Entries taken from a collection
--- START ---

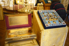 According to custom, the symposium opened with a moleben in the Cathedral of Our Lady �of the Sign� before the Kursk-Root Icon of the Mother of God. A reliquary with the relics of St Innocent was brought especially for this event from the Holy Synod of the Orthodox Church in America. His Grace Bishop Jerome of Manhattan, Vicar of the Eastern American Diocese of ROCOR, blessed the participants with little icons of St Innocent blessed over his relics.�
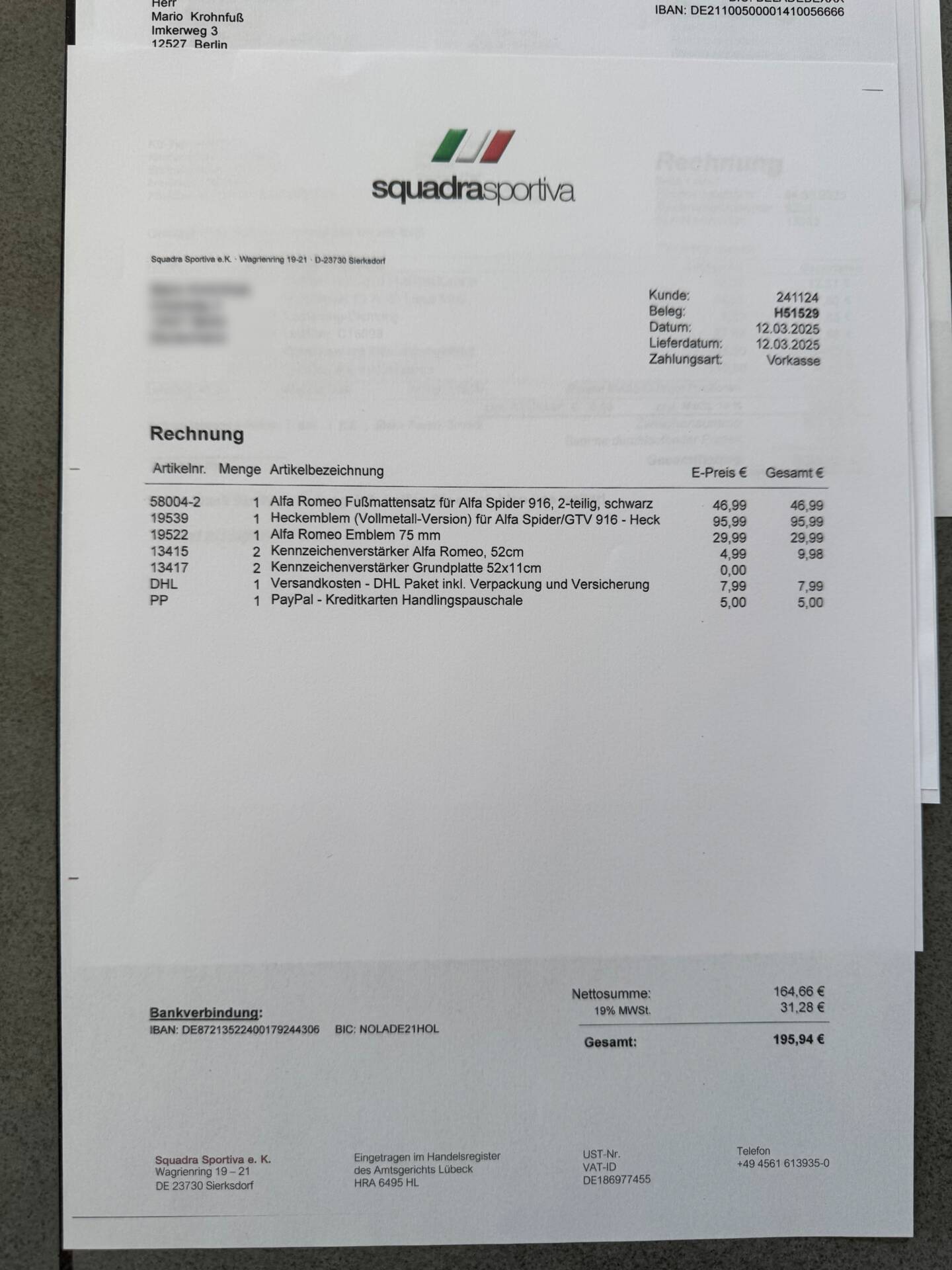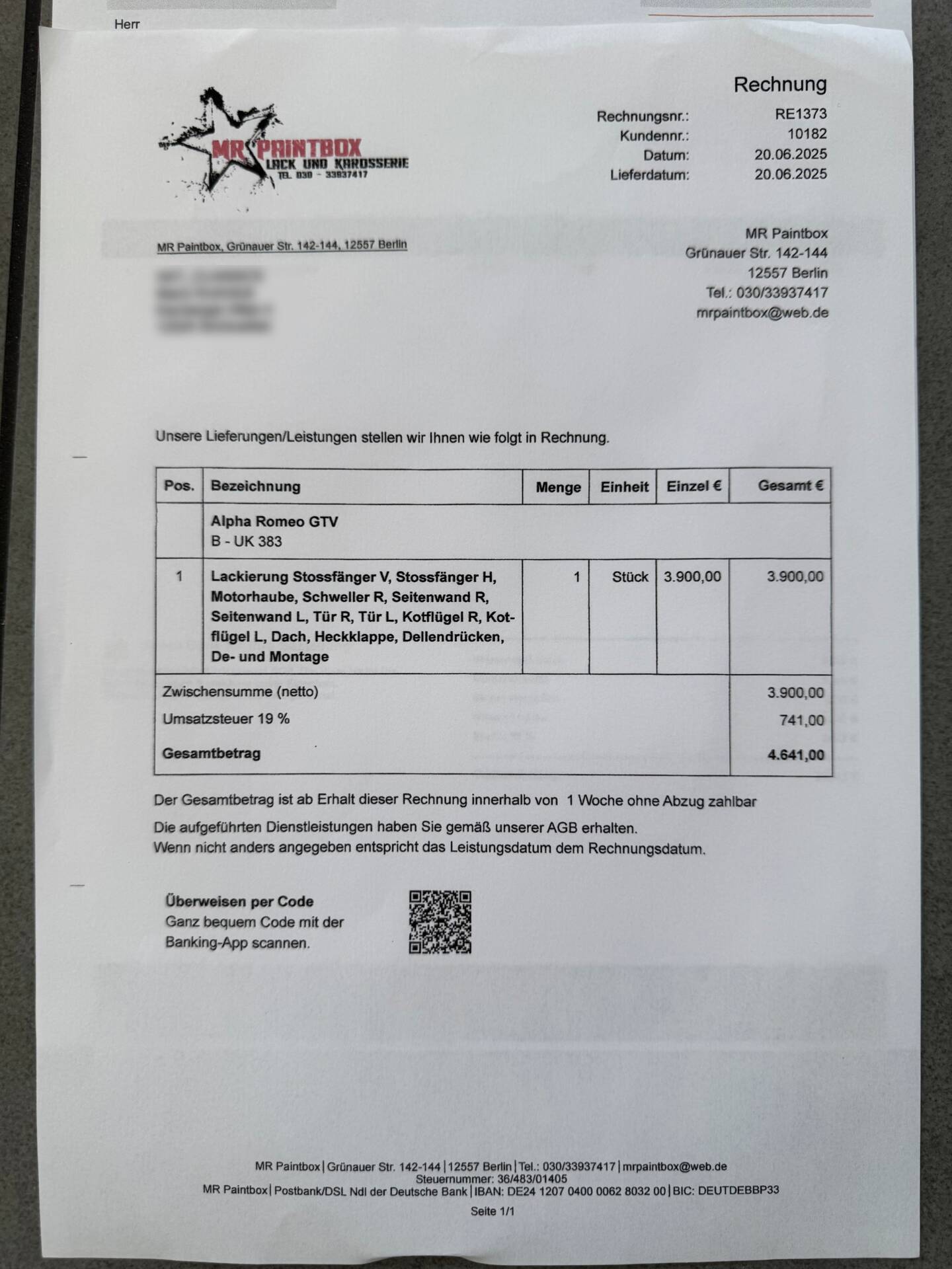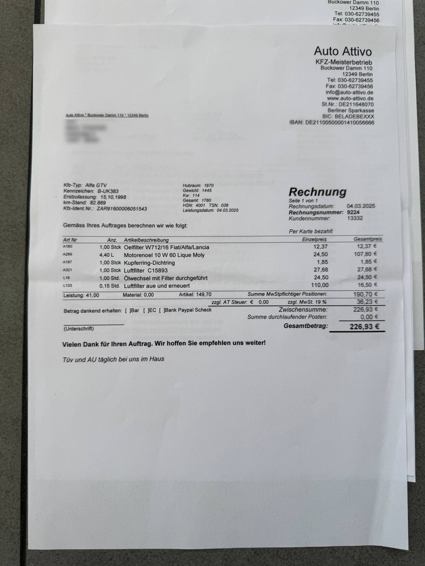Der Alfa Romeo GTV stammt aus erster Hand und befand sich von Beginn an im Familienbesitz. Übergeben vom Vater an den jetzigen Anbieter, wurde der Wagen offenbar stets sorgfältig gepflegt und nie aus der Hand gegeben. Besonders erwähnenswert: Die originale Kaufrechnung von 1998 ist vorhanden – ein seltenes Dokument, das die Authentizität zusätzlich unterstreicht. Detaillierte Unterlagen oder Nachweise zu Wartungsarbeiten sind dem Anbieter zufolge vorhanden.
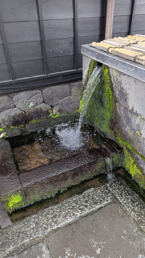 付近の「海禅寺」の境内に湧く水を明治14年に柳町の人々が木管を繋いで引いて簡易水道として利用されていました。
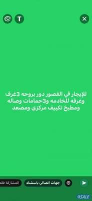 نشر منذ 2 شهر و 28 يوم للإيجار في القصور دور بروحه 3غرف نوم وغرفه للخادمه و3حمامات وصاله واسعه ومطبخ تكييف مركزي ومصعد ومواقف مظلله
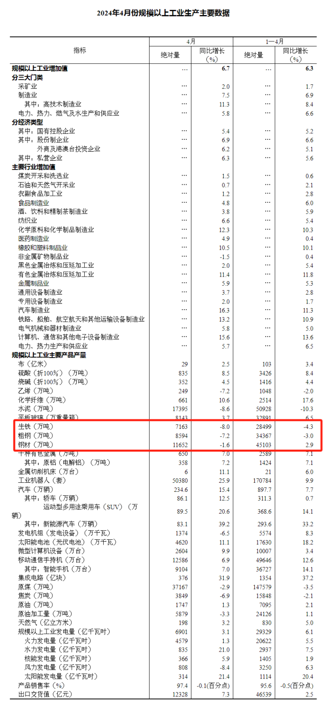2024年4月份,我國鋼材產量11652萬噸,同比下降1.6%;1-4月份,我國鋼材產量45103萬噸,同比增長2.9%。

--- END ---

- _YOUR ASSIGNMENT_
Please give back an exact copy of the entries above from their first line through the line containing "付近の「海禅寺」の境内に湧く", leaving the pictures aside.

- _RESPONSE TO THE EXERCISE_
 According to custom, the symposium opened with a moleben in the Cathedral of Our Lady �of the Sign� before the Kursk-Root Icon of the Mother of God. A reliquary with the relics of St Innocent was brought especially for this event from the Holy Synod of the Orthodox Church in America. His Grace Bishop Jerome of Manhattan, Vicar of the Eastern American Diocese of ROCOR, blessed the participants with little icons of St Innocent blessed over his relics.�
Der Alfa Romeo GTV stammt aus erster Hand und befand sich von Beginn an im Familienbesitz. Übergeben vom Vater an den jetzigen Anbieter, wurde der Wagen offenbar stets sorgfältig gepflegt und nie aus der Hand gegeben. Besonders erwähnenswert: Die originale Kaufrechnung von 1998 ist vorhanden – ein seltenes Dokument, das die Authentizität zusätzlich unterstreicht. Detaillierte Unterlagen oder Nachweise zu Wartungsarbeiten sind dem Anbieter zufolge vorhanden.
 付近の「海禅寺」の境内に湧く水を明治14年に柳町の人々が木管を繋いで引いて簡易水道として利用されていました。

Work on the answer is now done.